E.g. the following code fails:
#[derive(Default)]
struct Cache(std::collections::HashMap<u64, String>);
impl Cache {
fn get(&self, key: u64) -> Option<&str> {
self.0.get(key)
}
fn get_or_insert(&mut self, key: u64, default: impl FnOnce() -> String) -> &str {
self.0.entry(key).or_insert_with(default)
}
}
fn main() {
let mut cache = Cache::default();
let a = cache.get_or_insert(1, || "foo".into());
let b = cache.get(1);
// ^ Error: cannot borrow `cache` as immutable because it is also borrowed as mutable
println!("{a}, {b}");
}
With downgradeable borrows, the code can compile by adding the second lifetime parameter and specifying that the return value of get_or_insert
only uses the borrow lifetime:
fn get_or_insert<'a>(&'a mut<'_> self, key: u64, default: impl FnOnce() -> String) -> &'a str {
self.0.entry(key).or_insert_with(default)
}
Where it's neccessary for soundness, the borrows can't be downgraded, as the function signatures of e.g. Cell::get_mut()

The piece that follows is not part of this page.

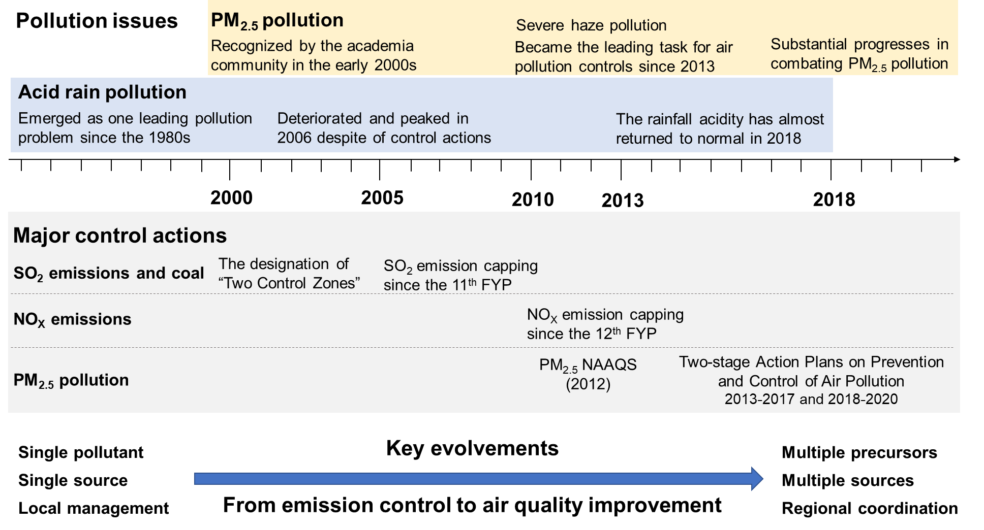 图1. 我国大气污染治理的关键历程和政策演变,包括燃煤和二氧化硫污染控制、氮氧化物排放控制和细颗粒物(PM2.5)污染控制

won't allow downgrading of the returned borrow:
fn main() {
let mut x: Cell<Option<i32>> = Cell::new(Some(42));
let a: &i32 = x.get_mut().as_ref().unwrap();
x.replace(None);
// ^ Error: cannot borrow `x` as immutable because it is also borrowed as mutable
println!("{}", a);
}
Reference-level explanation
Mutable reference types &mut T
have two associated lifetimes. One describing the total duration of the borrow and one describing the duration the borrow needs to be unique: &'ref mut<'uniq> T
with the implicit constraint 'ref: 'uniq
.
The uniqueness lifetime can be omitted and is then forced to be equal to the borrow lifetime. &'a mut T
is thus short for &'a mut<'a> T
.
Such references with both lifetimes equal can be coerced to mutable references with shorter lifetime only if both lifetimes stay equal.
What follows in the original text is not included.